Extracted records
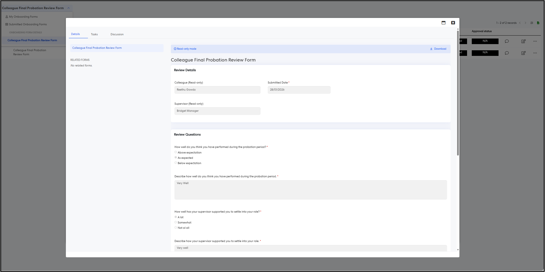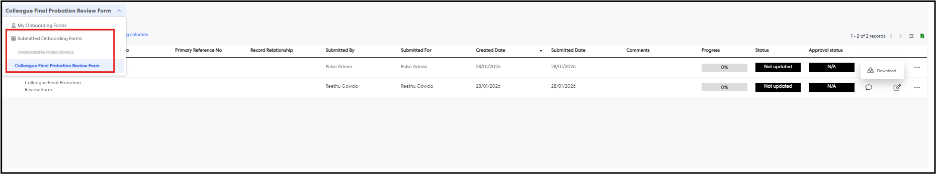 - The Individual Form view (for example, Colleague Final Probation Review Form) shows records submitted specifically for the selected form.
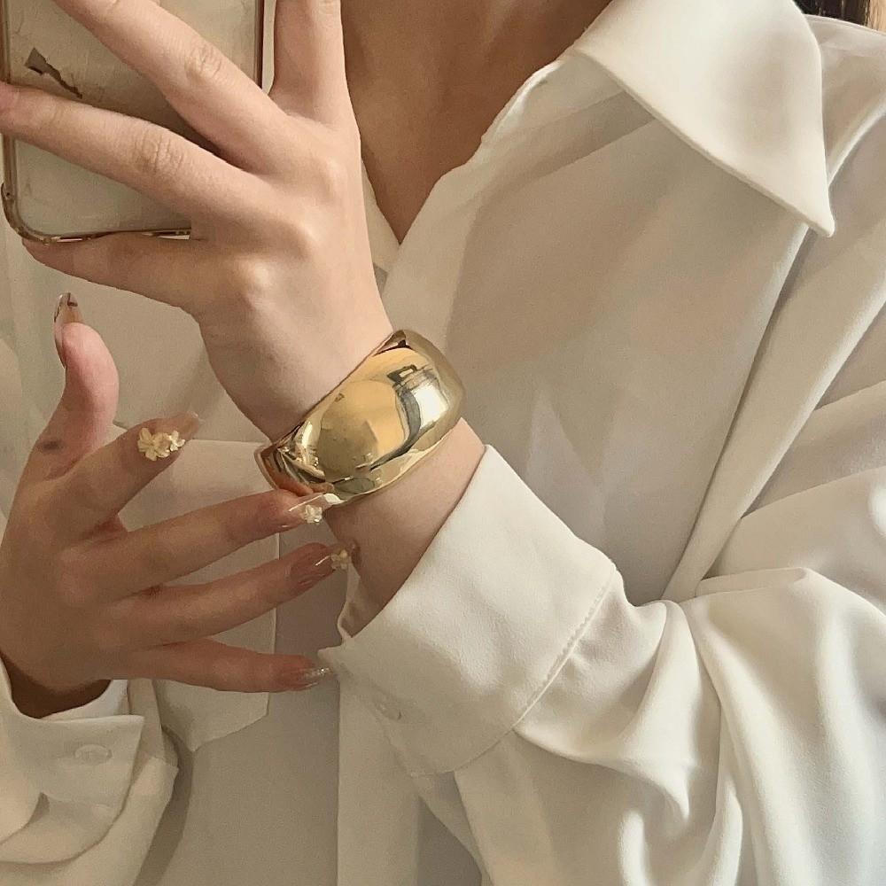 Exaggerated Metal Arc-shaped Bracelet Glossy Surface Women's Wrist Jewelry Festival Gifts
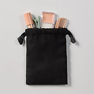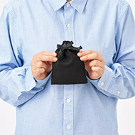スウェード風のポリエステル素材、ミニサイズの巾着です。高級感が感じられる生地が特徴的で、ギフトパッケージとしてもご利用いただけるアイテムです。
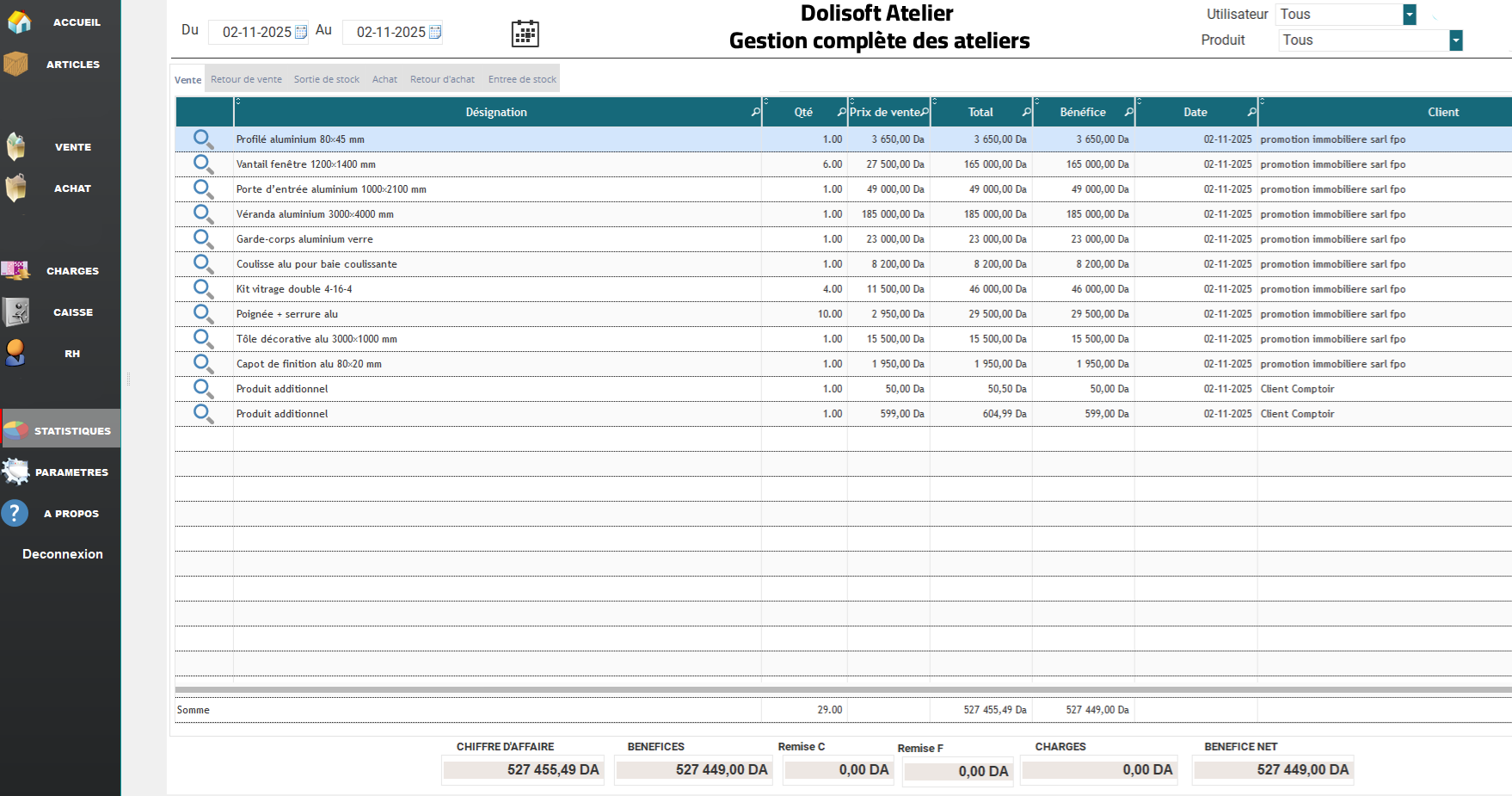دوليسوفت هو برنامج احترافي مصمم خصيصًا لتسيير الورشات الحديثة(Ateliers). سواء كنت تدير ورشة ألمنيوم، نجارة أو خياطة، يساعدك البرنامج على تنظيم، حساب، وتسيير جميع عملياتك اليومية بواجهة بسيطة، سريعة واحترافية 100%.
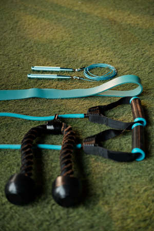 Triceps rope and various resistance bands and resistance strap on turf floor in gym
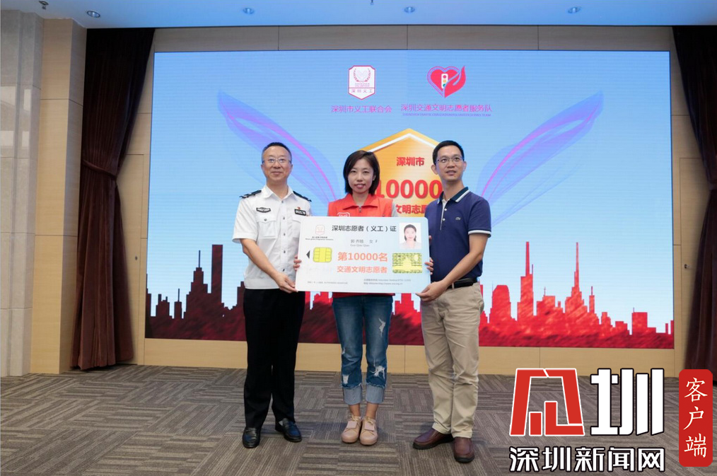 深圳交警為第1萬名交通文明志愿者頒發(fā)義工證
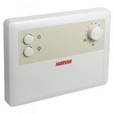 Najprostsze sterowniki manualne do elektrycznych pieców do sauny Harvia o mocy 3 - 9 kW. Regulacja czasem pracy pieca i temperaturą w kabinie odbywa się widocznymi na zdjęciu pokrętłami.
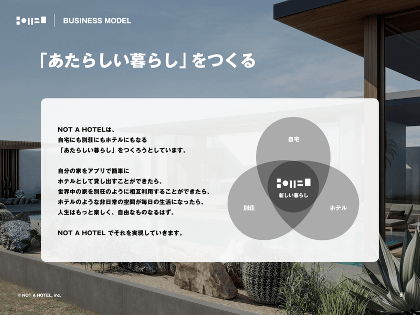 NOT A HOTEL を端的に説明するならば、わたしたちが目指す「あたらしい暮らし」という言葉が適切でしょう。サービス名でもあり、販売している建物の名前でもあり、わたしたちの会社の名前でもありますが、一番に伝えたいことは暮らしをより自由にするための「あたらしい暮らし」の概念についてです。
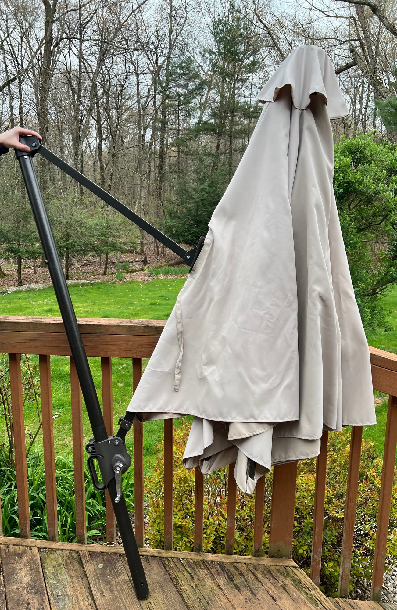 Half Rectangular Round Outdoor Patio Cabana Umbrella Perfect for Balcony, Garden, Deck. Opens at an angle.
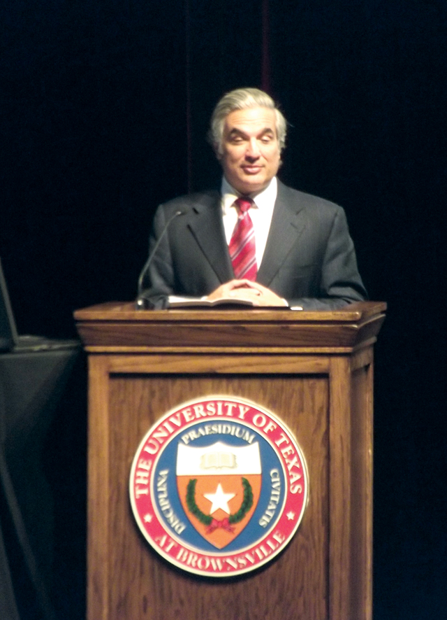 BROWNSVILLE – Friday, the University of Texas System Chancellor Francisco G. Cigarroa and the UT System Board of Regents Chairman Gene Powell, along with UT Brownsville President Juliet V. García, held a town hall meeting to discuss the planned merger of UT-Pan American in Edinburg, UTB, and the Regional Academic Health Center (RAHC) in Harlingen with a single school of medicine.

### EXERCISE DETAILS
Every line of the records above must reappear exactly, though the pictures must not.

### REPLY
 - The Individual Form view (for example, Colleague Final Probation Review Form) shows records submitted specifically for the selected form.
 Exaggerated Metal Arc-shaped Bracelet Glossy Surface Women's Wrist Jewelry Festival Gifts
スウェード風のポリエステル素材、ミニサイズの巾着です。高級感が感じられる生地が特徴的で、ギフトパッケージとしてもご利用いただけるアイテムです。
دوليسوفت هو برنامج احترافي مصمم خصيصًا لتسيير الورشات الحديثة(Ateliers). سواء كنت تدير ورشة ألمنيوم، نجارة أو خياطة، يساعدك البرنامج على تنظيم، حساب، وتسيير جميع عملياتك اليومية بواجهة بسيطة، سريعة واحترافية 100%.
 Triceps rope and various resistance bands and resistance strap on turf floor in gym
 深圳交警為第1萬名交通文明志愿者頒發(fā)義工證
 Najprostsze sterowniki manualne do elektrycznych pieców do sauny Harvia o mocy 3 - 9 kW. Regulacja czasem pracy pieca i temperaturą w kabinie odbywa się widocznymi na zdjęciu pokrętłami.
 NOT A HOTEL を端的に説明するならば、わたしたちが目指す「あたらしい暮らし」という言葉が適切でしょう。サービス名でもあり、販売している建物の名前でもあり、わたしたちの会社の名前でもありますが、一番に伝えたいことは暮らしをより自由にするための「あたらしい暮らし」の概念についてです。
 Half Rectangular Round Outdoor Patio Cabana Umbrella Perfect for Balcony, Garden, Deck. Opens at an angle.
 BROWNSVILLE – Friday, the University of Texas System Chancellor Francisco G. Cigarroa and the UT System Board of Regents Chairman Gene Powell, along with UT Brownsville President Juliet V. García, held a town hall meeting to discuss the planned merger of UT-Pan American in Edinburg, UTB, and the Regional Academic Health Center (RAHC) in Harlingen with a single school of medicine.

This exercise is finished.